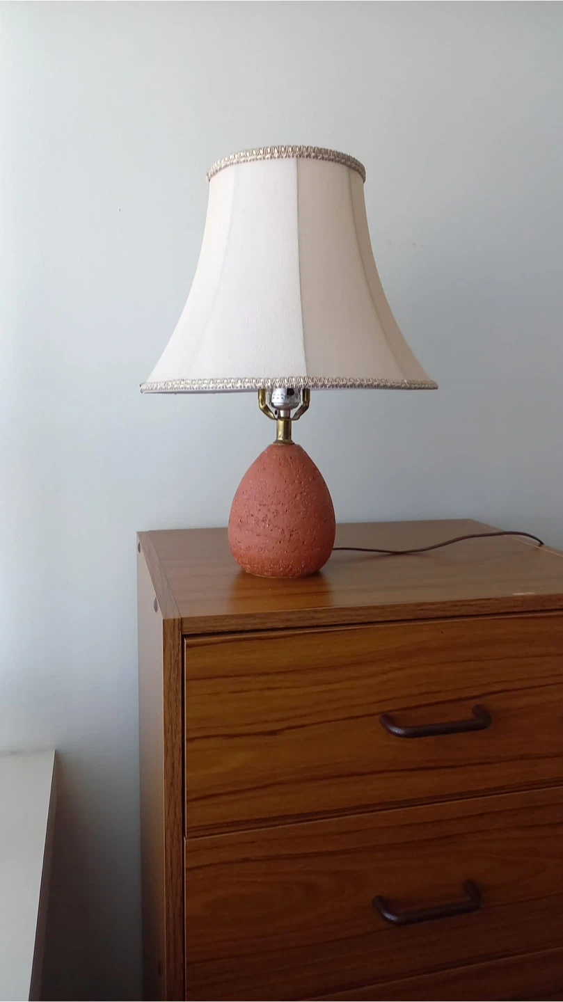 Two Vintage table lamps with a textured terracotta base. It has a classic cream-coloured lampshade with decorative trim. A nice accent for any room!
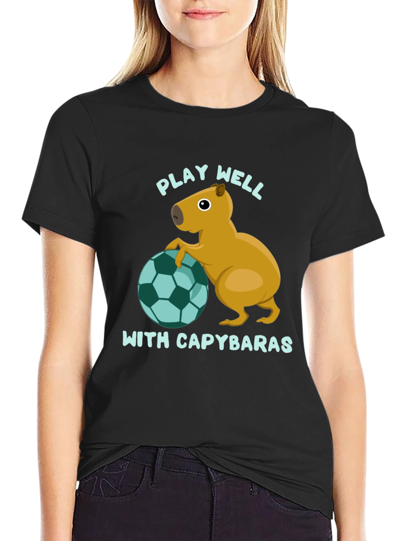 Show off your love for capybaras with this playful graphic tee! This black t-shirt features a cute capybara illustration leaning against a teal and black soccer ball. The phrase "PLAY WELL WITH CAPYBARAS" is printed in a light teal above and below the capybara. Made from a comfortable-looking fabric, this t-shirt appears ideal for casual wear. It's perfect for everyday wear, sporting events, or just lounging around. Get yours now and spread the capybara love!
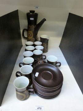 A Denby coffee set in the "Arabesque" pattern (ten mugs and saucers)
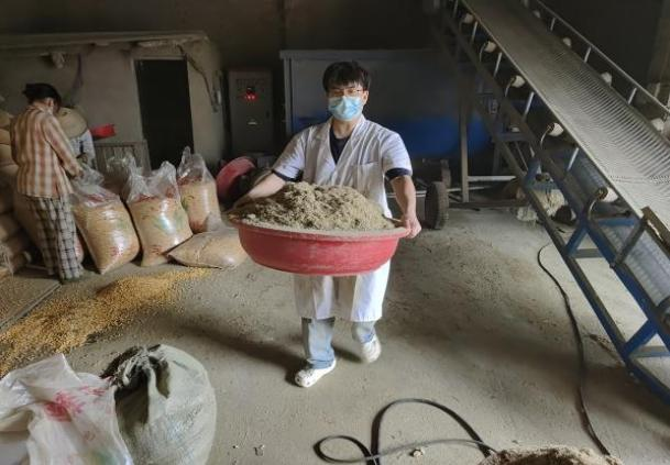 在走访当地养殖户时我们发现,大多数养殖户在冬春季时饲草料严重不足,饲喂羊时仅靠花生藤、油菜籽壳、玉米秸秆、枯稻干草进行饲喂,不仅适口性差难以保障怀孕母羊的营养水平,而且无法满足育肥羊的生长需要。因此,我们向当地农户提供了农作物秸秆生化颗粒饲料生产技术以及裹包青贮技术,从而保证优质饲草料供应的延续性。
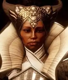 Vivienne is the mistress of a nobleman from the nation of Orlais, Duke Bastien de Ghyslain, and is recognized as the official enchanter to the Orlesian Imperial Court prior to the events of Inquisition. She is originally from Rivain, a realm in Thedas known for its human population's ethnic diversity as well as its unorthodox tolerance of marginalized or minority communities like the elves, mages and Qunari.[1] She is a member of the Circle of Magi organization, which is under the authority of the Chantry, a monotheistic religion who worship a deity known as the Maker and venerates the prophet Andraste, which mandates that "magic must serve man, not rule over him". Before a series of events that leads to the disbandment of the Circles of Magi and the opening of the Breach, she was in line to become the First Enchanter of the Montsimmard Circle in Orlais.[2][3] Vivienne has very specific views on the roles of the Chantry and the Circles of Magi, and that her motivations for joining the Inquisition to bring peace back into the world are very much ulterior.[2] Vivienne's specialization is "Knight-Enchanter", which adds a melee ability for mages and provides buffs to barriers and close-quarters combat.[4]
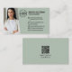 This sleek and simple square business card is perfect for corporate brands, small businesses, consultants, freelancers, or any professional looking for a modern, clean aesthetic. The design features sage green backgrounds on both sides for a soft, refined look. The front of the card includes your photo, company logo, name, title or business name, and contact information in clean, easy-to-read fonts, creating a professional yet personalized touch.

» **WHAT IS REQUIRED**:
From the line containing "Vivienne is the" down to the final line of the material, restate every line word for word, and only those; drop the pictures.

» **SOLUTION TO THE EXERCISE**:
 Vivienne is the mistress of a nobleman from the nation of Orlais, Duke Bastien de Ghyslain, and is recognized as the official enchanter to the Orlesian Imperial Court prior to the events of Inquisition. She is originally from Rivain, a realm in Thedas known for its human population's ethnic diversity as well as its unorthodox tolerance of marginalized or minority communities like the elves, mages and Qunari.[1] She is a member of the Circle of Magi organization, which is under the authority of the Chantry, a monotheistic religion who worship a deity known as the Maker and venerates the prophet Andraste, which mandates that "magic must serve man, not rule over him". Before a series of events that leads to the disbandment of the Circles of Magi and the opening of the Breach, she was in line to become the First Enchanter of the Montsimmard Circle in Orlais.[2][3] Vivienne has very specific views on the roles of the Chantry and the Circles of Magi, and that her motivations for joining the Inquisition to bring peace back into the world are very much ulterior.[2] Vivienne's specialization is "Knight-Enchanter", which adds a melee ability for mages and provides buffs to barriers and close-quarters combat.[4]
 This sleek and simple square business card is perfect for corporate brands, small businesses, consultants, freelancers, or any professional looking for a modern, clean aesthetic. The design features sage green backgrounds on both sides for a soft, refined look. The front of the card includes your photo, company logo, name, title or business name, and contact information in clean, easy-to-read fonts, creating a professional yet personalized touch.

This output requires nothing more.